The surrounding facts and circumstances as shown by the record we think are set forth with substantial accuracy in the opinion of the Appellate Court, as follows:
“Appellant has an electric car line from Joliet to Chicago, which between Lemont and Romeo, in Will county, runs on the east side of the public highway, the track being four or five feet from the property line, and its cars are nine feet wide and project over about half the space between the track and the fence. Near quarry No. 6, in Will county, it runs through a small Polish hamlet of twenty-seven families. Appellee lived on the east side of this highway, in a house twenty-five feet from appellant’s track. On the line of the highway between the appellant’s track and the lot there is a stone wall about four feet high. A picket fence stands on the north side of the house and runs to the stone fence. On the south side of the picket fence, and between Wanic’s house and the highway, a summer kitchen from six to eight feet high stood close to the stone wall and a smokehouse and a coal-shed stood about five feet from the house. Some willow trees also stood between the house and the highway. The path from the house to the highway was on the north side of the picket fence, through a gate opening on the north side of where the picket fence joined the stone wall. There was a ditch three feet wide between the stone wall and the track, the crossing over this ditch being made by two planks a foot wide. Other houses stood in the immediate neighborhood at different distances from the highway.”

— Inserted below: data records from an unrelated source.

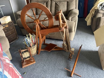 Closes: Thu, 7 May Spinning wheels and 2 bags of knitting and spinning gear
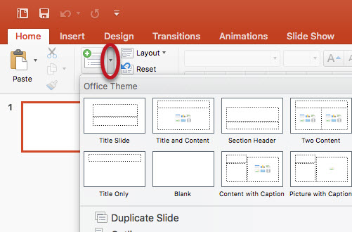 You can also select the slide layout while creating a new slide. In Windows, select either the or the text "" right below the icon, and a menu will drop down with all the available slide layouts. Select one of these options to create a new slide with this layout.
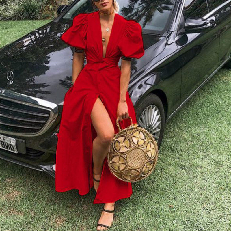 V-neck Raglan Sleeve Single-breasted Dress
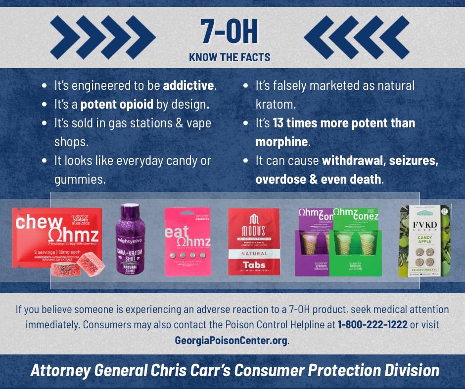 Attorney General Chris Carr is warning Georgians about the dangers of products containing 7-OH, an opioid-like substance that is flooding gas stations, vape shops, and convenience stores.

Counsel for appellant in his brief has not found fault directly with the statement of facts in the Appellate Court’s opinion, although his contentions as to the facts would not support the above statement, especially as to some of the distances and the location of the track, fence, trees and houses. Distances and measurements about which there is a dispute and a conflict in the evidence could have been settled by accurate measurements on the ground. This was not done, and while some of the evidence of appellant tends to show different distances from the above quoted statement, we think the weight of the evidence supports it.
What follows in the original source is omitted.